Cornelia a fait aussi l'objet d'une caractérisation poussée, notamment dans son air, Prima son d'ogni conforto, aria di disperazione et déploration sur la mort de Pompeo. Elle chante aussi un superbe arioso très dramatique, Nel tuo seno, amaro sasso. On regrette qu'un personnage aussi intense et héroïque dispose seulement de quatre airs dont deux ariosos très courts. En tous cas Eve-Maud Hubeaux a merveilleusement servi ce rôle. Je l'avais entendue, formidable Armida de Rinaldo et émouvante Isis de l'opéra éponyme de Lully avec la même équipe mais j'ai encore été plus captivé par son interprétation de Cornelia. D'abord sa tessiture vocale qui se rapproche beaucoup de celle d'une contralto ensuite son timbre si chaleureux sont uniques et parfaitement mis en valeur dans le sublime duetto en mi mineur, Son nata a lagrimar (Je suis née pour pleurer) auquel Sesto répond, Son nato a sospirar (Je suis né pour me lamenter). Quelles émotions et quelles artistes!

Tolomeo, à la fois frère et époux de Cleopatra, est décrit dans le livret comme un souverain débauché et pervers. Mort à l'âge de 14 ans, on lui a attribué sans doute les travers de son père Ptolémée XII. C'est peut-être le rôle le plus virtuose de l'opéra pour lequel il fallait un contre ténor à la fois agile et puissant. Kacper Zselazek a déclaré présent ! Ce magnifique contre ténor fut une révélation dans ses quatre airs et notamment dans cette aria di furore, L'empio sleale indegno (L'impie, le traître, l'infâme...). Tolomeo, soutenu par un orchestre survolté dans lequel on peut voir la foule de ses troupes, attribue à Cesare ses propres vices.

Achilla, âme damnée de Tolomeo au début de l'oeuvre, se retourne contre son roi à la fin. Ce rôle est chanté depuis la création de l'opéra par un baryton basse. Le plus bel air, Tu ferma il piede se trouve à la fin de l'acte I, air énergique et nerveux qui trouve en Ashley Riches un interprète incomparable par l'étendue de sa tessiture, ses beaux graves, sa superbe intonation.
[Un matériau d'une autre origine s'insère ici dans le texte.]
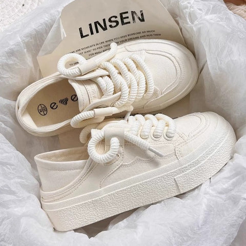 Platform Canvas White Shoes Casual Sports
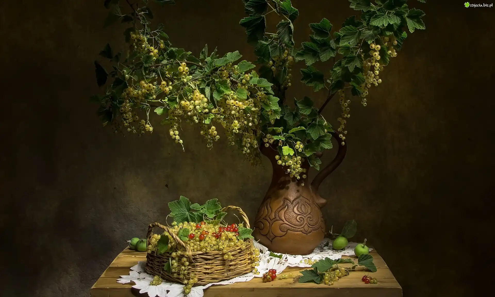 Zdjęcie, Porzeczki, Wazon, Stolik, Serweta, Koszyczek, Jabłka
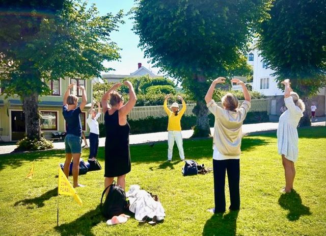 美展期间,法轮功学员在艺术馆附近的天堂公园(The Paradise Park)免费教功,许多人学炼了功法动作。
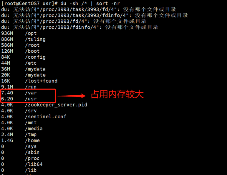 使用 du -sh /* | sort -nr 命令查找 / 目录下所有文件和目录的大小的排序结果。 查找结果如下

Christophe Rousset, photo Bertrand Pichène

Une fois de plus, j'ai été émerveillé par les qualités de l'orchestre des Talens Lyriques et notamment par une splendeur sonore qui ne m'avait pas semblé aussi évidente naguère. Les violons emmenés par Gilone Gaubert avaient ce 28 septembre 2019 un soyeux particulièrement flatteur. La violoniste en chef nous régala aussi d'un solo brillantissime dans Se in fiorito ameno prato. L'enchanteresse sinfonia qui ouvre l'acte II est un prodige d'orchestration dans lequel on entend de subtiles combinaisons instrumentales entre le théorbe (remarquable Karl Nihlin), de la basse de viole, des hautbois, de la harpe. Ce fut fut un moment d'extase sous la direction particulièrement inspirée de Christophe Rousset. Toujours respectueux du texte avec la plus grande rigueur, le maestro insuffla à cette musique un caractère original et unique.

Avec six voix merveilleuses et un orchestre d'exception le public était comblé. Qu'aurait donné une conjonction de talents aussi heureuse dans une mise en scène ? On ne le saura sans doute jamais. En tous cas il est heureux que ce concert ait été enregistré car il restera dans les annales une des plus mémorables versions de ce chef-d'oeuvre de Haendel.

  1. Giulio Cesare, Avant Scène Opéra, 97, 5-68, 2010.
  2. Piotr Kaminski, Haendel, Purcell et le baroque à Londres, Le Livre de Poche, Fayard, 2010, p 112-121.